● To do
The response consists of the lines from the start of the material below through the line holding "電子マネーやギフト券等に 交換できる機能 など、使えば使うほど楽しさが満載のアプリです。", repeated word for word and without pictures.

● Available data
____________

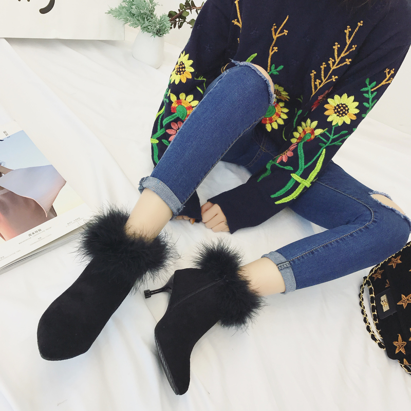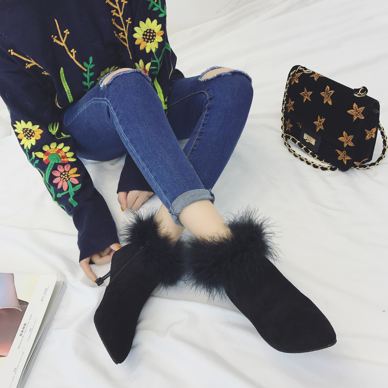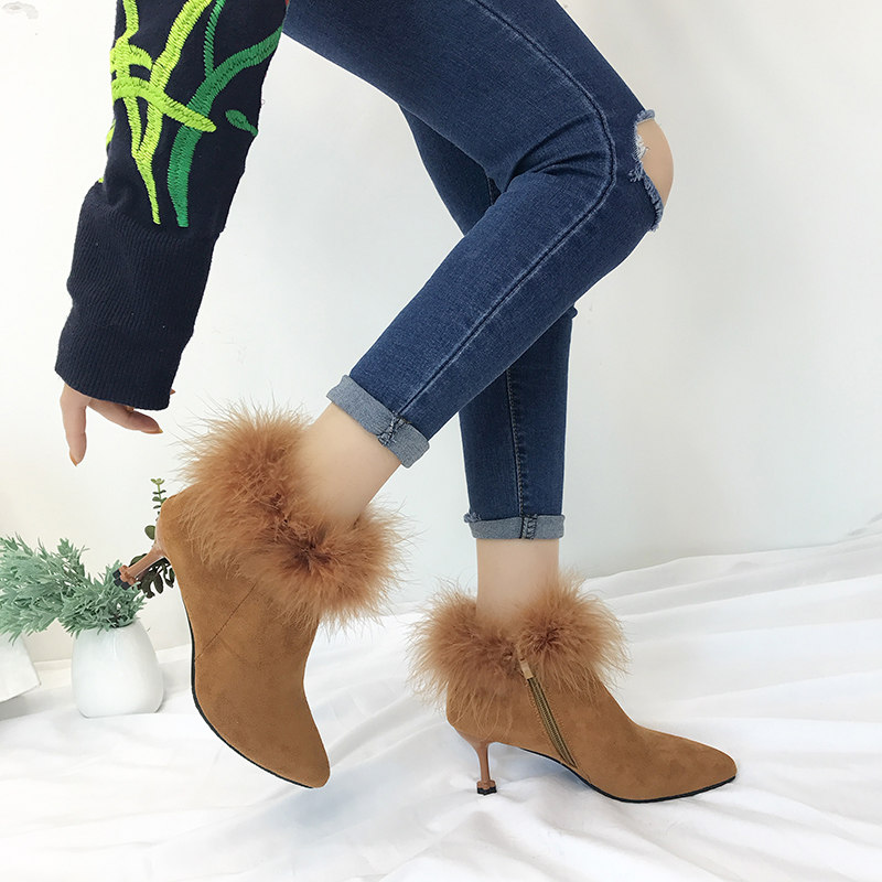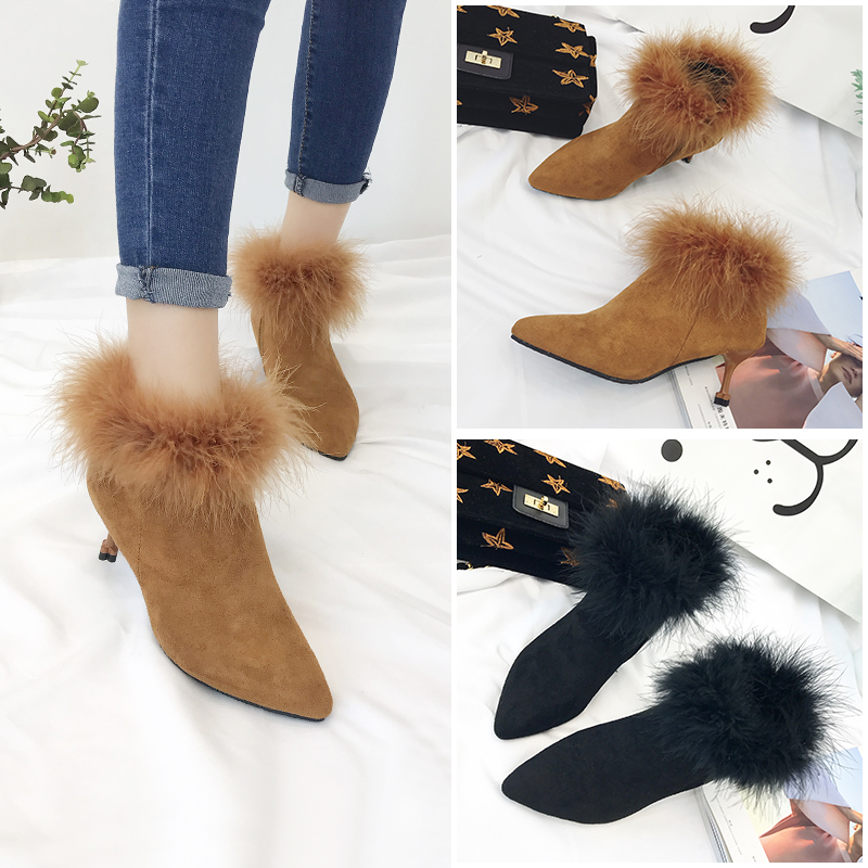 2018秋冬女靴子靴子韩版潮时尚保暖防滑绒面短靴尖头 高跟鞋细跟
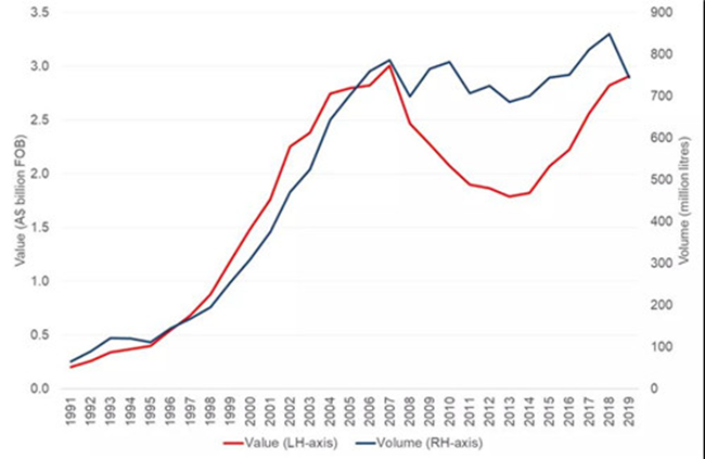 隨著市場對精品澳大利亞葡萄酒的需求日益增長,截至2019年12月底的12個月中,澳大利亞葡萄酒的出口總額增長了3%至29.1億澳元。
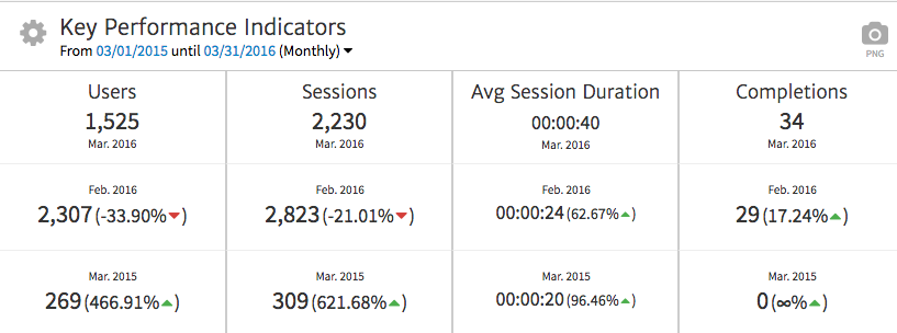 In this case, we’re showing Users, Sessions, Avg. Session Duration, and Completions. These metrics will prove representative of total traffic, engagement, and lead generation for this site.
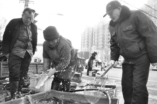 春节临近,卖鱼的梁先生迎来了好生意,一个大集要卖出五六百斤鱼。
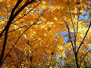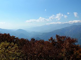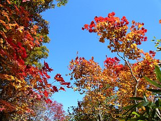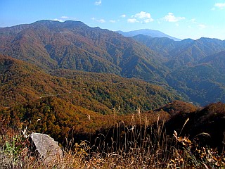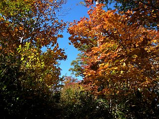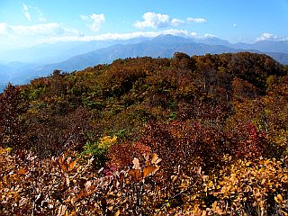 | 山行記 | ●前日に行った鍋倉山の紅葉はあと一歩という感じで、少しがっかりさせられたが、この日訪れる大渚山は、鍋倉山より標高も少し高いので、紅葉も期待できそうだ。 ●小谷温泉から車で山道を上って行くと、紅葉は徐々に鮮やかさを増し、紅葉の名所である鎌池へ向かう道では、朝にもかかわらず駐車場へ入る車の行列ができていた。 ●湯峠に向かう道では、所々で車を停めて三脚を構える人達がいた。既に数台の車が停まっている湯峠の駐車場の周囲はまさに紅葉真っ盛りで、青空と紅葉で眩しいぐらいだった。 ●駐車場に車を停めると、早速駐車場の一画にある登山口から登り始める。登り始めてすぐ紅葉の木々の背後に雨飾山が見えてくる。以降は、度々立ち止まっては、朝の日差しを透過する美しい紅葉と紅葉の絨毯の背後に聳える雨飾山の雄姿に見とれているのでなかなか歩が進まない。 ●地図上の1,365mのピークを過ぎると道は一旦下り、急な登りが始まる。1時間余りで登ることのできる山なのでその登りもそれ程ではないが、逆に大したことはないと思っているので意外に応えた。 ●急な登りを登りきると少し傾斜が緩くなり、東峰と西峰の分岐が現れる。東峰は、そこから急坂を少し登ったところにある。東峰は狭いが360度の展望が開け、今まで見えていた雨飾山はもちろん、金山や黒姫山、妙高山、高妻山、戸隠連峰、そして糸魚川市街や日本海まで見ることができた。 ●大渚山は東峰と西峰からなる。せっかくなので西峰にも寄って行くことにして、分岐からそちらへ向かう。西峰への道は平坦だがぬかるみが多く歩き難い。ぬかるみに難渋しながら歩いていると木の展望台兼避難小屋が現れ、その手前に山名の標柱が立てられていた。 ●下からでは展望がないので展望台に登ってみる。最後の一段が抜けて登り難い展望台からは、特に北アルプス方面への展望が開け、雲のかかった白馬岳から五竜岳までは見ることができなかったが、雪倉岳や朝日岳、そして霞んではいたが鹿島槍ヶ岳や槍ヶ岳も確認することができた。 ●青空と紅葉と展望をしばらく楽しんだ後、下山にかかる。駐車場からの帰路、多くの人が三脚を立て紅葉をカメラに収めていた。鎌池は、混んでいなければ寄って行こうと思っていたが、相変わらず車の列が続いていたので寄らず、雨飾荘で温泉に入り、帰路についた。 |
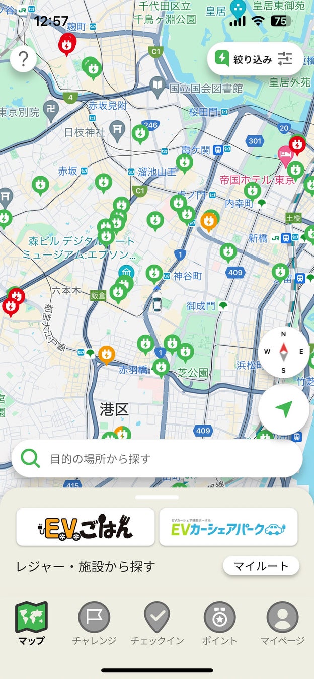 2023年5月、株式会社ナビゲートがリリースしたEV充電スポット検索アプリが 「おでかけEV」 です。EV利用者が安心して楽しく出かけられるアプリサービスとして、最新のEV充電スポット情報 約37,500台(2024年5月時点)はもちろん、全国のおでかけ先の施設情報 約6,800件(2024年5月時点)を独自保有し、MAP上に表示、ルート案内も可能。さらに「移動距離」「口コミ投稿」「チェックイン」「キャンペーン」等で 【ポイント】が貯められ、 電子マネーやギフト券等に 交換できる機能 など、使えば使うほど楽しさが満載のアプリです。
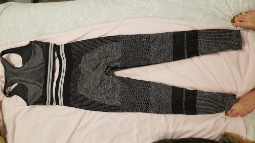 Материал был немного тоньше, чем ожидалось, но он очень хорошо сидит, и мне нравится то, что они не слишком длинные. Отлично подходит для йоги дома. Я заказал свой обычный размер, и он идеально подходит.
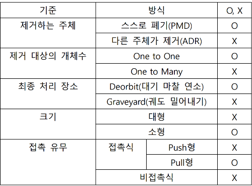 -예방적 접근: 인공위성의 설계 단계에서부터 우주쓰레기 문제를 예방할 수 있는 방법으로, 인공위성 운영 종료 시 발생할 수 있는 쓰레기를 미리 계획된 방식으로 처리할 수 있다.
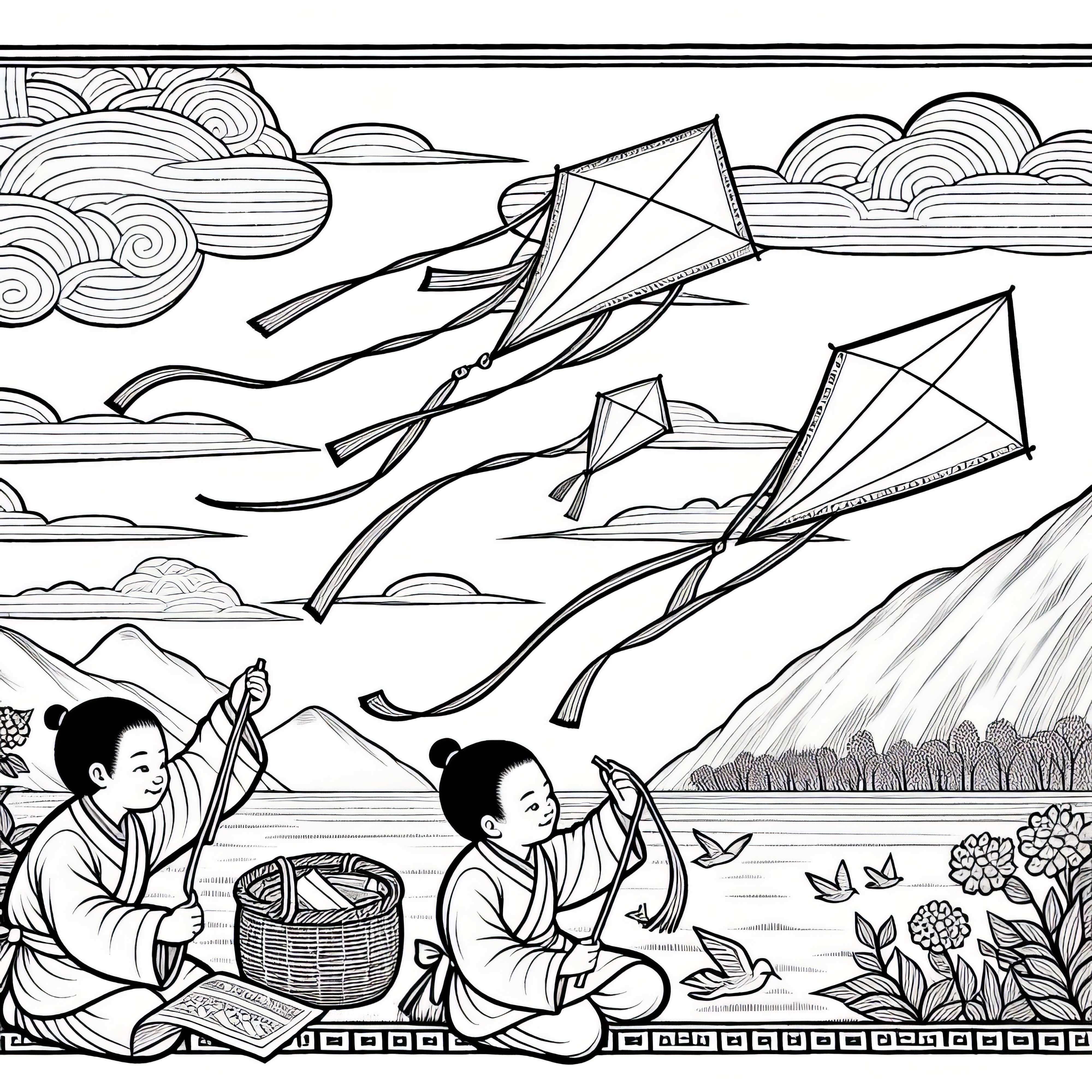 På denna målarbild syns barn som glatt flyger pappersdraakar. Scenen utspelar sig i det gamla Kina och förmedlar en bit av landets kultur och tradition. Bilden passar utmärkt för utskrift och måları. Du kan enkelt ladda ner den gratis. Dessutom finns det möjlighet att måla bilden online. Ladda ner målarbilden nu och upptäck glädjen i att måla!
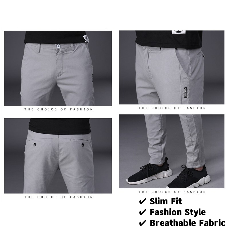 [Local Delivery] Korean Men's Slim Fit Pants Thin Ice Silk Breathable Casual Long Pant Fashion Trousers
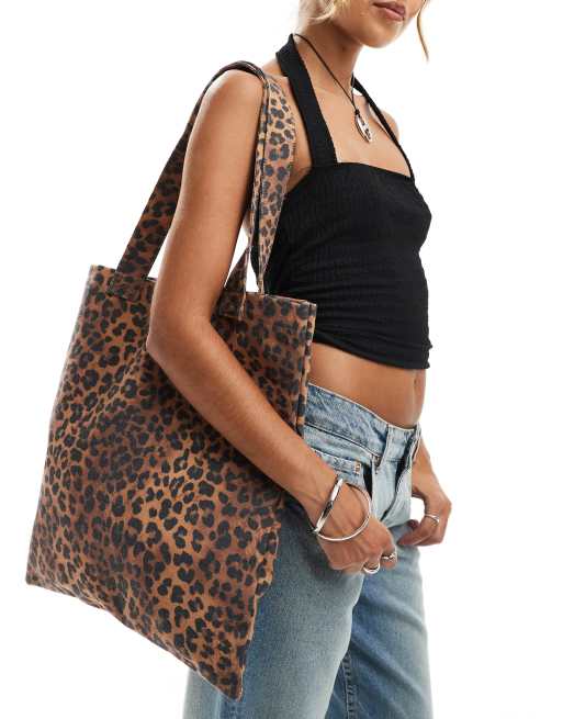 ASOS DESIGN – Tragetasche aus Canvas mit Leopardenmuster
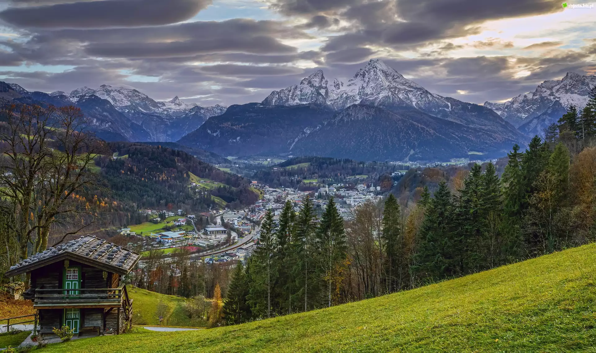 Zdjęcie, Niemcy, Bawaria, Góry, Dolina, Miasteczko, Dom, Drzewa
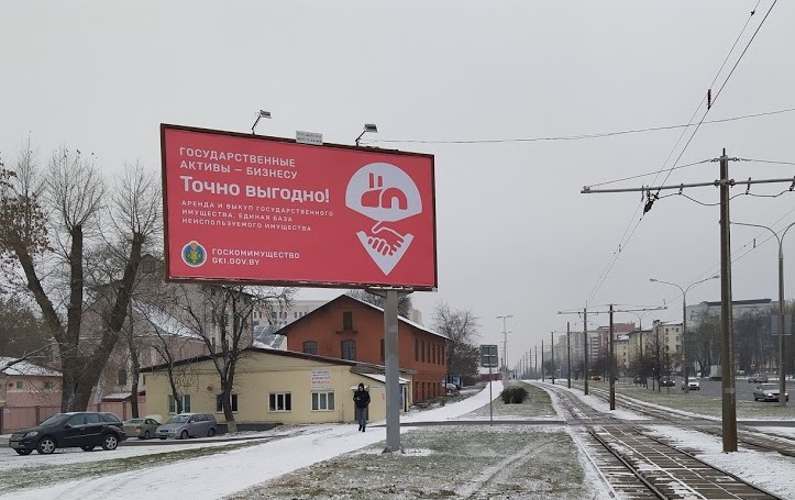 Плакаты размещены в 30 городах. Кроме столицы, наружную социальную рекламу Государственного комитета по имуществу на билбордах видят жители и гости Бреста, Витебска, Гомеля, Гродно и Могилева, ряда иных городов областного, а также районного подчинения.

____________

● Output for this task
 2018秋冬女靴子靴子韩版潮时尚保暖防滑绒面短靴尖头 高跟鞋细跟
 隨著市場對精品澳大利亞葡萄酒的需求日益增長,截至2019年12月底的12個月中,澳大利亞葡萄酒的出口總額增長了3%至29.1億澳元。
 In this case, we’re showing Users, Sessions, Avg. Session Duration, and Completions. These metrics will prove representative of total traffic, engagement, and lead generation for this site.
 春节临近,卖鱼的梁先生迎来了好生意,一个大集要卖出五六百斤鱼。
 | 山行記 | ●前日に行った鍋倉山の紅葉はあと一歩という感じで、少しがっかりさせられたが、この日訪れる大渚山は、鍋倉山より標高も少し高いので、紅葉も期待できそうだ。 ●小谷温泉から車で山道を上って行くと、紅葉は徐々に鮮やかさを増し、紅葉の名所である鎌池へ向かう道では、朝にもかかわらず駐車場へ入る車の行列ができていた。 ●湯峠に向かう道では、所々で車を停めて三脚を構える人達がいた。既に数台の車が停まっている湯峠の駐車場の周囲はまさに紅葉真っ盛りで、青空と紅葉で眩しいぐらいだった。 ●駐車場に車を停めると、早速駐車場の一画にある登山口から登り始める。登り始めてすぐ紅葉の木々の背後に雨飾山が見えてくる。以降は、度々立ち止まっては、朝の日差しを透過する美しい紅葉と紅葉の絨毯の背後に聳える雨飾山の雄姿に見とれているのでなかなか歩が進まない。 ●地図上の1,365mのピークを過ぎると道は一旦下り、急な登りが始まる。1時間余りで登ることのできる山なのでその登りもそれ程ではないが、逆に大したことはないと思っているので意外に応えた。 ●急な登りを登りきると少し傾斜が緩くなり、東峰と西峰の分岐が現れる。東峰は、そこから急坂を少し登ったところにある。東峰は狭いが360度の展望が開け、今まで見えていた雨飾山はもちろん、金山や黒姫山、妙高山、高妻山、戸隠連峰、そして糸魚川市街や日本海まで見ることができた。 ●大渚山は東峰と西峰からなる。せっかくなので西峰にも寄って行くことにして、分岐からそちらへ向かう。西峰への道は平坦だがぬかるみが多く歩き難い。ぬかるみに難渋しながら歩いていると木の展望台兼避難小屋が現れ、その手前に山名の標柱が立てられていた。 ●下からでは展望がないので展望台に登ってみる。最後の一段が抜けて登り難い展望台からは、特に北アルプス方面への展望が開け、雲のかかった白馬岳から五竜岳までは見ることができなかったが、雪倉岳や朝日岳、そして霞んではいたが鹿島槍ヶ岳や槍ヶ岳も確認することができた。 ●青空と紅葉と展望をしばらく楽しんだ後、下山にかかる。駐車場からの帰路、多くの人が三脚を立て紅葉をカメラに収めていた。鎌池は、混んでいなければ寄って行こうと思っていたが、相変わらず車の列が続いていたので寄らず、雨飾荘で温泉に入り、帰路についた。 |
 2023年5月、株式会社ナビゲートがリリースしたEV充電スポット検索アプリが 「おでかけEV」 です。EV利用者が安心して楽しく出かけられるアプリサービスとして、最新のEV充電スポット情報 約37,500台(2024年5月時点)はもちろん、全国のおでかけ先の施設情報 約6,800件(2024年5月時点)を独自保有し、MAP上に表示、ルート案内も可能。さらに「移動距離」「口コミ投稿」「チェックイン」「キャンペーン」等で 【ポイント】が貯められ、 電子マネーやギフト券等に 交換できる機能 など、使えば使うほど楽しさが満載のアプリです。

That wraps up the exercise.